Voila! There you’ve got it, a stunning meal that’ll maintain you all through your journey.
The good thing about approaching mountaineering meals this manner ensures you get all the required vitamins into your physique to assist efficiency, but additionally to simplify the planning course of. By beginning with components (bottom-up processing) fairly than particular meals (top-down processing), you’ll be able to streamline your preparation and adapt your meals flexibly based mostly on what components you’ve got accessible.
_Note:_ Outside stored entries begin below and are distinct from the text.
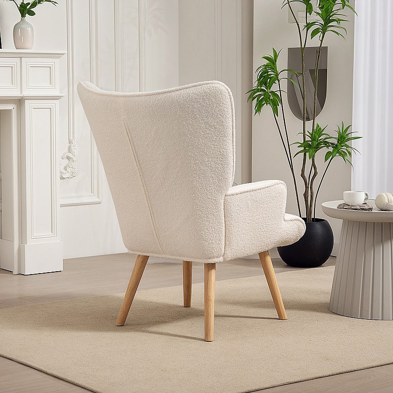 Fauteuil style nordique effet laine bouclée MAUD crème
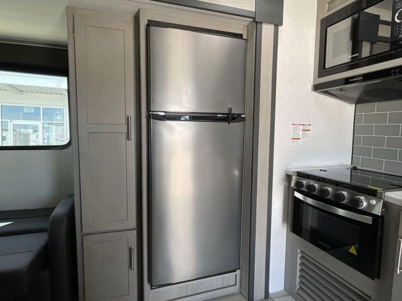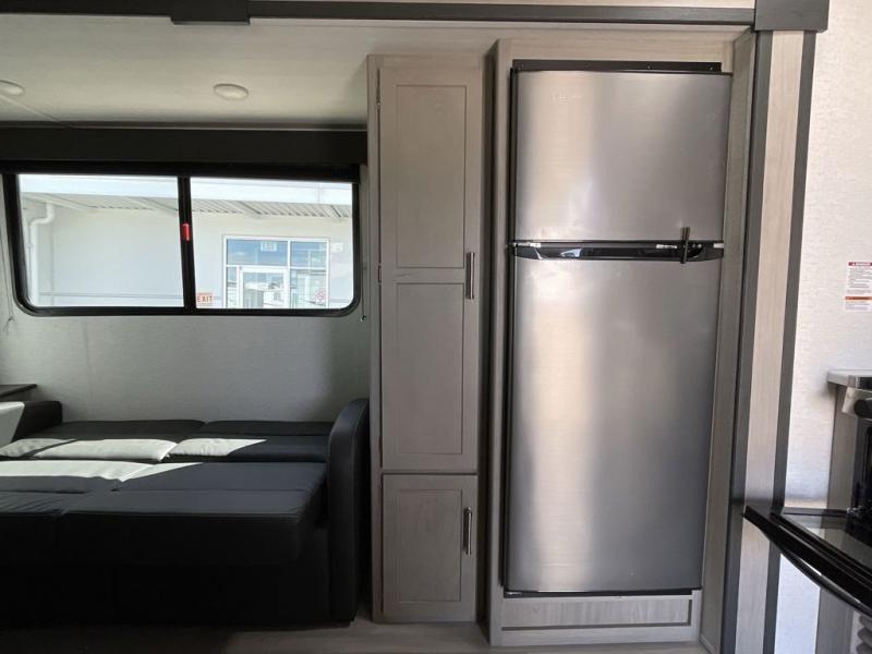 Camping trips in this spacious trailer are sure to bring lasting memories! The little ones or your guests will love the double-size bunks with a flip-up bottom bunk to easily store luggage away. You will have a cozy queen bed in the front bedroom, along with dual closets and nightstands and a laundry chute that will go straight to the pass-through storage. Everyone can meet in the middle living room on the jack knife sofa within the slide out, or you can choose the optional tri-fold sleeper sofa. And don't overlook the full kitchen with a three burner cooktop and 17" oven, microwave oven, and 12V refrigerator. There is even an outdoor griddle and refrigerator so you can grab a cold drink while relaxing under the 14' awning!
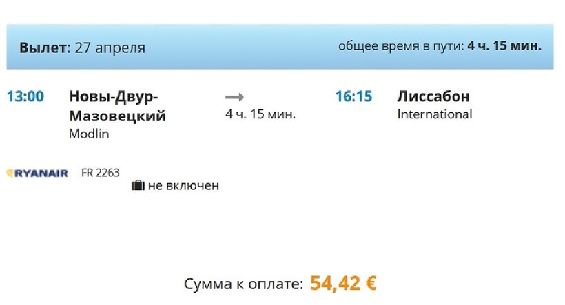 Ryanair (FR 2263) Boeing 737-800 | 18:30 Варшава (WMI) | 4 ч. 20 мин | 21:50 Лиссабон (LIS) | ср с 01.04 |
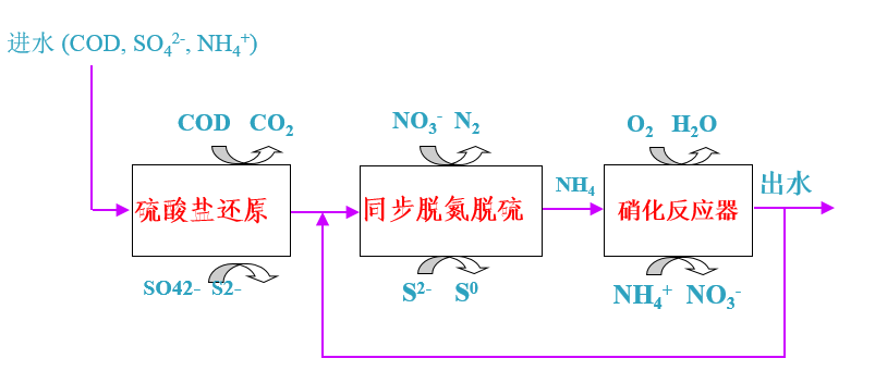 在通常條件下含硫工業(yè)廢水中同時(shí)含有大量的氮素,高含硫含氮也是制藥生產(chǎn)廢水的另一主要特征。隨著生物脫硫技術(shù)與生物脫氮技術(shù)的發(fā)展,通過研究碳氮硫共代謝體系,硫酸鹽的還原產(chǎn)物的生物氧化過程與含氮污染物反硝化過程,相互間的作用關(guān)系,提出了碳氮硫共脫除體系。
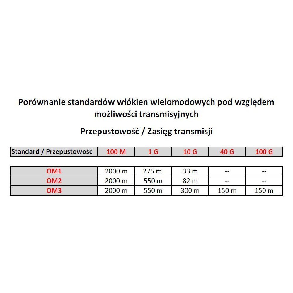 - OM3 50/125: przystosowany do transmisji z prędkością 10 Gigabit na odległość 300 m
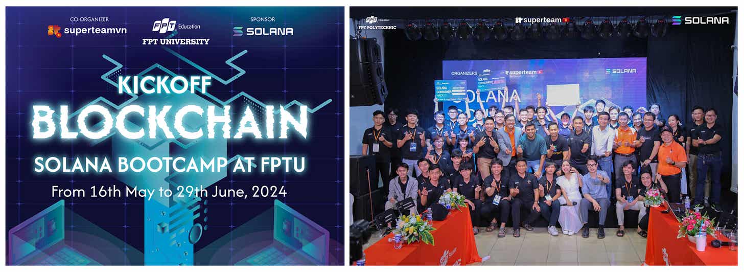 이 외에도, 솔라나는 베트남 FPT 대학교와 협력하여 솔라나 부트캠프를 개최했다. 이 부트캠프는 대학과 산업 간의 협력을 통해 진행된 사례로, 학생들에게 최신 블록체인 교육을 제공하며, 베트남의 웹3 교육 환경에 독특성을 형성하기도 한다.
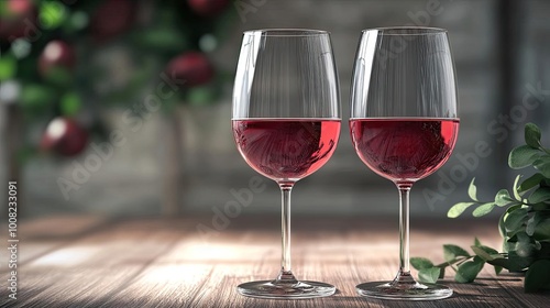Two elegant glasses of red wine sit on a wooden table, surrounded by a cozy ambiance perfect for gatherings and celebrations.
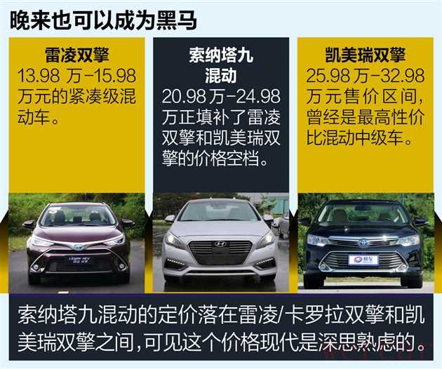在这之前,普遍认为混动中级车中凯美瑞双擎的价格相对来说是比较亲民的,25.98万元的入门价格虽然比常规动力高了几万元,也在可接受范围。而在索纳塔九混动上市之后,大家心里混动中级车的门槛再次降低。
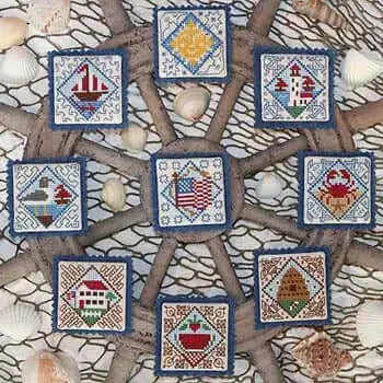 DMC: White, 312, 334, 367, 420, 422, 645, 677, 838, 898, 3820, 3841, 3777
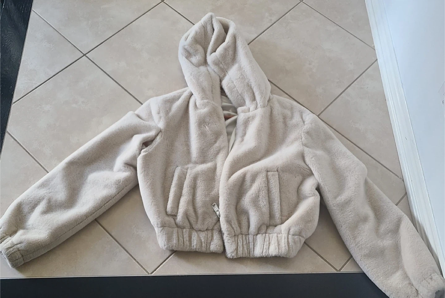71Selling a cozy fuzzy hooded jacket! It's in great condition and perfect for layering on chilly days
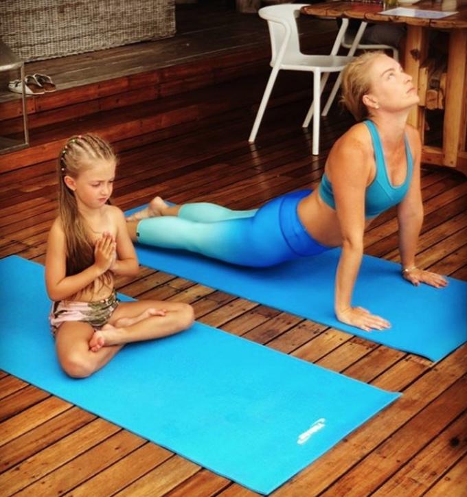 Afastada da televisão, a loira compartilhou ainda uma foto praticando Yoga ao lado da filha, Eva: "Dia internacional do yoha #gratidão por ter minha princesa comigo nesse aprendizado".
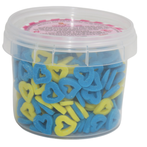 סוכריות לקישוט מסגרת לבבות – כחול צהוב
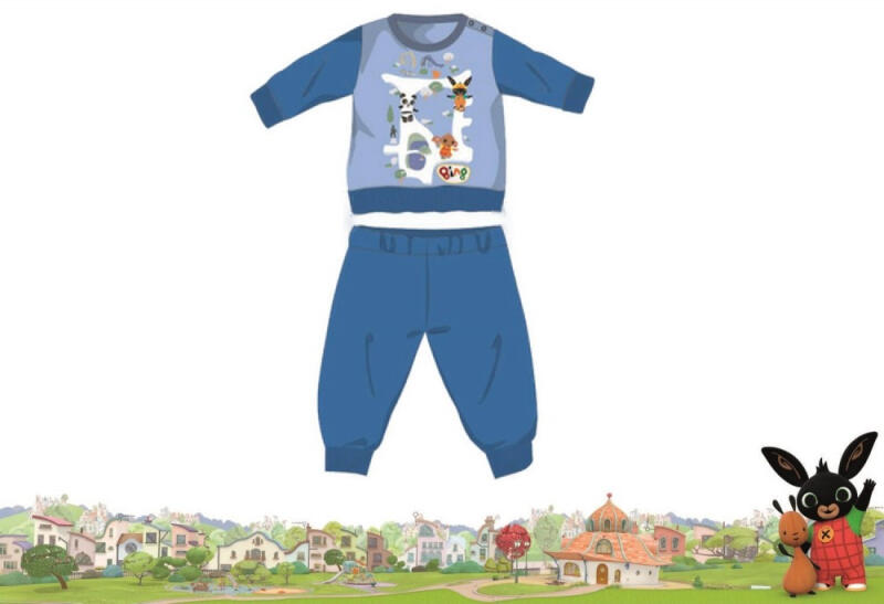 Bing nyuszi téli interlock pizsama kisfiúknak 100% pamut alapanyagból. Kényelmes bőrbarát viselet. Gombos nyakkialakítással, gumírozott derékrésszel, egyenes, szűkített szárral, Bing nyuszi mintával. Méret: 86 Díszdobozban szállítjuk.
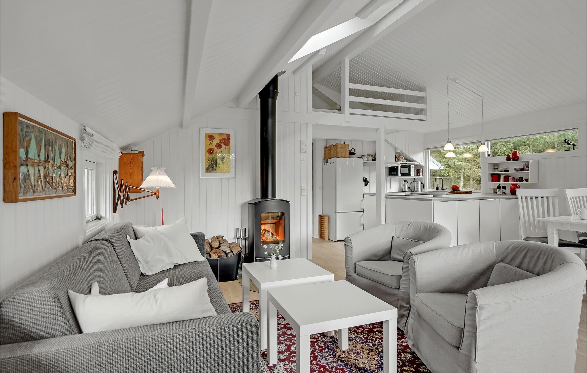 Indbydende feriehus med brændeovn og skøn naturgrund i rolige omgivelser.
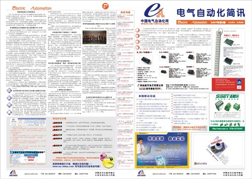 自2007年第2期開始,《電氣自動(dòng)化簡(jiǎn)訊》由原來(lái)的4版擴(kuò)充到8版,同時(shí)內(nèi)容更豐富,實(shí)用性更強(qiáng),歡迎廣大企業(yè)免費(fèi)索閱。
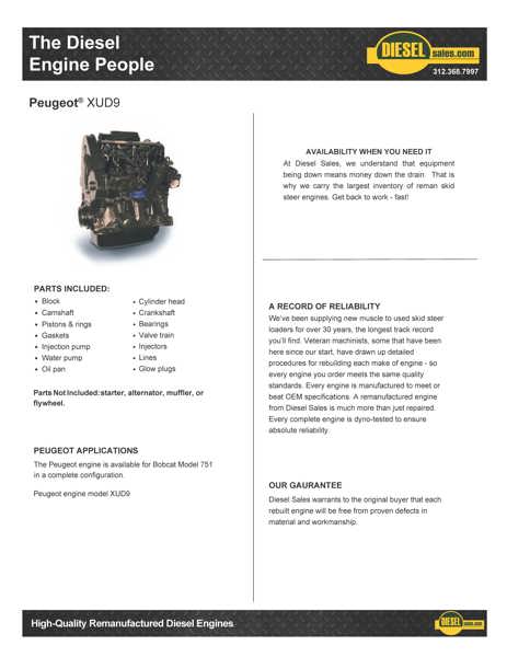 Peugeot Xud9 Construction Industrial Complete Remanufactured Engine, Starting At $8195.00 Exchange With One Year Or 2,000 Hrs (Whichever Occurs First), Factory Parts & Labor Warranty Plus $ 1150.00 Refundable Core Deposit.
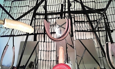 Fucking machine with fat cock attachment makes me unload uncontrollably
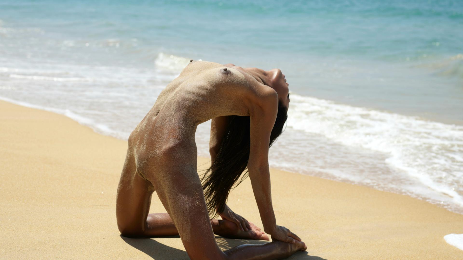 chloe, chloe r, chloe rose, brunette, beach, naked, sandy, boobs, tits, nipples, shaved pussy, labia, kneeling, hi-q
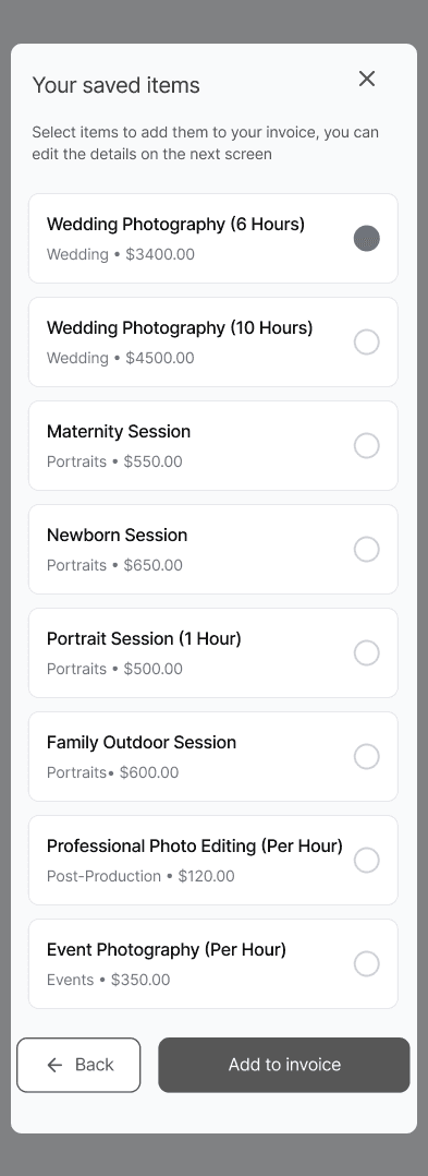 In the initial version, line items were entered manually for each invoice. To reduce repetitive input and better support recurring workflows, I introduced the ability for users to save frequently invoiced items. This allowed them to quickly select saved services instead of having to enter details each time.
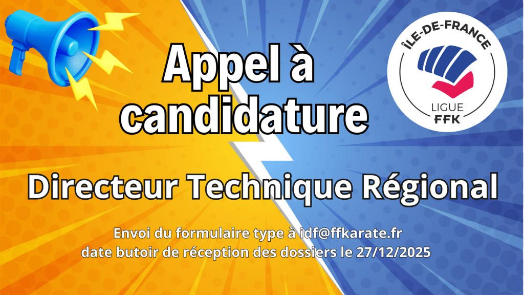 Les candidats doivent transmettre au Président de la Ligue Régionale Ile de France de Karaté et DA  idf@ffkarate.fr leur lettre de candidature, accompagnée d’un CV, au plus tard le 27 décembre 2025.
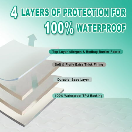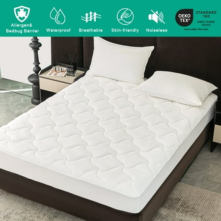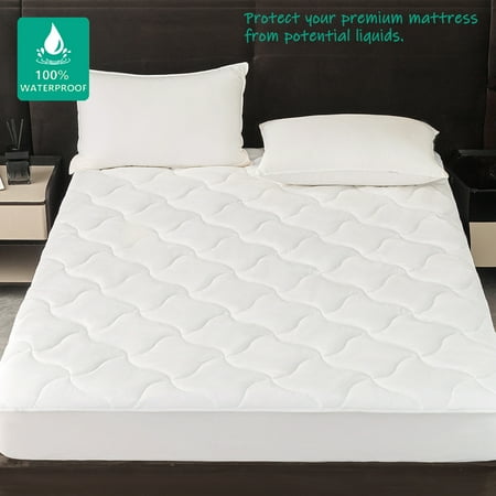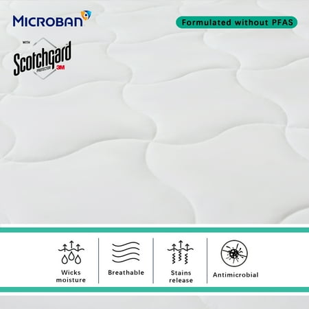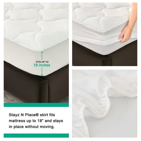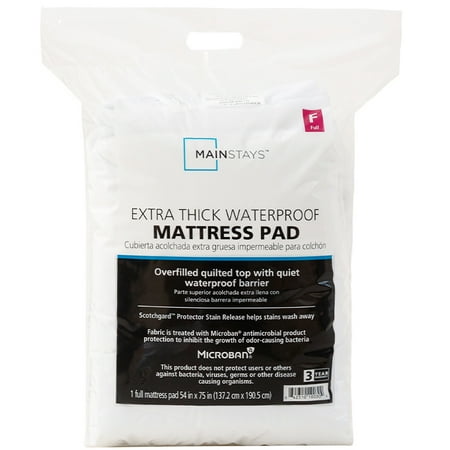 Keep your mattress protected with the Mainstays Extra Thick Waterproof Mattress Pad. This soft and durable pad uses a 100% polyurethane laminated quiet barrier to provide premium waterproof protection for your mattress. It features a 100% polyester microfiber top in an attractive quilted pattern that's treated with Scotchgard Stain Release and Moisture Wicking to help keep the extra-thick mattress pad looking fresh and clean while wicking away moisture for cool and breathable fabric. The Mainstays Extra Thick Waterproof Mattress Pad has a Stayz N Place skirt that fits mattresses up to 18" thick to stay in place firmly without slipping and sliding during the night. Easily cared for, simply machine washes this pad as needed. Available in Twin/Twin XL, Full, Queen, and King Sizes.

It may be difficult to determine on particular meals after which collect the precise components, solely to comprehend later that they is probably not possible or might not present the gasoline your physique wants. Moreover, planning meals may be difficult as a result of cravings and restoration necessities can change after a full day of mountaineering.
As an alternative, by creating meals from components you’ve got available, you’ll be able to higher make sure you’re planning for fulfillment and adapt extra simply to your altering preferences and power wants.
Blissful consuming and blissful mountaineering!